__Material for the task__.
■ ■ ■ ■

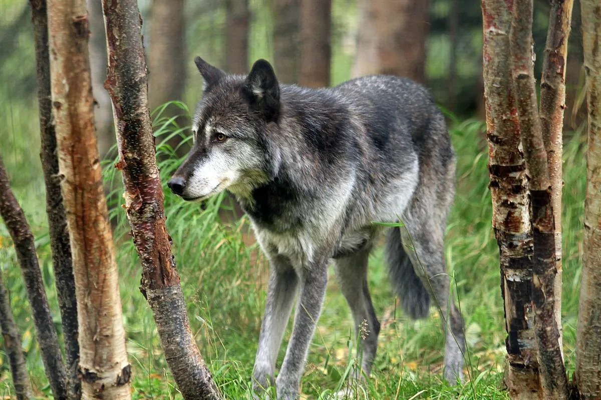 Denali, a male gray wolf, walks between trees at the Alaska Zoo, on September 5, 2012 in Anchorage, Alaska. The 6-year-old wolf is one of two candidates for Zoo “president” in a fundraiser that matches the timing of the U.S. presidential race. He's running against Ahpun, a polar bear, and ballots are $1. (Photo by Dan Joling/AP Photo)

■ ■ ■ ■

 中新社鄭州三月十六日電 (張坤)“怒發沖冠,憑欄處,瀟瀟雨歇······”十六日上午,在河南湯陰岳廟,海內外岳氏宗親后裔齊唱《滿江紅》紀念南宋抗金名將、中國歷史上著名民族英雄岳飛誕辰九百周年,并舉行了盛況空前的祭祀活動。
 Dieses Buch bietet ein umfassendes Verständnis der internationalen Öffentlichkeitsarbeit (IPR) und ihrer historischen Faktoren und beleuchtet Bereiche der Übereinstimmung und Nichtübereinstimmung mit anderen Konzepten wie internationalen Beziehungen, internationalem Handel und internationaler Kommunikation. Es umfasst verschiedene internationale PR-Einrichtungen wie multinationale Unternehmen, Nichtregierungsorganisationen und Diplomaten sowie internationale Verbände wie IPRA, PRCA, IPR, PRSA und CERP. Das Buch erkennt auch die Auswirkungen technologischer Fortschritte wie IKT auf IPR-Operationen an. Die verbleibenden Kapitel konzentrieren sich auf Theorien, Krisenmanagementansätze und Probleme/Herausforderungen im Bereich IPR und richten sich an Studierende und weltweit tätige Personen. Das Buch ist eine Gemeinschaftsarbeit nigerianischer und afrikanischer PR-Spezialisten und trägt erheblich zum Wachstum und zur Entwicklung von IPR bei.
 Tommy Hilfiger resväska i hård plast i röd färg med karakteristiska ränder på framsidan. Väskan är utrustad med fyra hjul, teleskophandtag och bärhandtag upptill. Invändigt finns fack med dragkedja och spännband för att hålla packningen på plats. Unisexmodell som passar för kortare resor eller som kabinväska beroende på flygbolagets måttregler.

■ ■ ■ ■

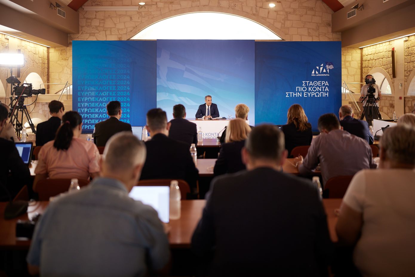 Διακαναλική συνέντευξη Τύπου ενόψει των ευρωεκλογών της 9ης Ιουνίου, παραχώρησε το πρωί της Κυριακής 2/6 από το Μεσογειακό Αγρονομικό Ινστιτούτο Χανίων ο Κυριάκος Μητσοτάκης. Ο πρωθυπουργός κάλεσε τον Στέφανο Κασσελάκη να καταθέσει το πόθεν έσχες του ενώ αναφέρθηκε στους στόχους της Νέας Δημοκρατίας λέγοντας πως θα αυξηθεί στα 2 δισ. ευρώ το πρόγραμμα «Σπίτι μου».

■ ■ ■ ■

__Exercise brief__. Restate word for word the entries above, starting at the line with "Dieses Buch bietet" and ending at the line with "Tommy Hilfiger resväska", inclusive, and no others.

__Answer to this problem__.
 Dieses Buch bietet ein umfassendes Verständnis der internationalen Öffentlichkeitsarbeit (IPR) und ihrer historischen Faktoren und beleuchtet Bereiche der Übereinstimmung und Nichtübereinstimmung mit anderen Konzepten wie internationalen Beziehungen, internationalem Handel und internationaler Kommunikation. Es umfasst verschiedene internationale PR-Einrichtungen wie multinationale Unternehmen, Nichtregierungsorganisationen und Diplomaten sowie internationale Verbände wie IPRA, PRCA, IPR, PRSA und CERP. Das Buch erkennt auch die Auswirkungen technologischer Fortschritte wie IKT auf IPR-Operationen an. Die verbleibenden Kapitel konzentrieren sich auf Theorien, Krisenmanagementansätze und Probleme/Herausforderungen im Bereich IPR und richten sich an Studierende und weltweit tätige Personen. Das Buch ist eine Gemeinschaftsarbeit nigerianischer und afrikanischer PR-Spezialisten und trägt erheblich zum Wachstum und zur Entwicklung von IPR bei.
 Tommy Hilfiger resväska i hård plast i röd färg med karakteristiska ränder på framsidan. Väskan är utrustad med fyra hjul, teleskophandtag och bärhandtag upptill. Invändigt finns fack med dragkedja och spännband för att hålla packningen på plats. Unisexmodell som passar för kortare resor eller som kabinväska beroende på flygbolagets måttregler.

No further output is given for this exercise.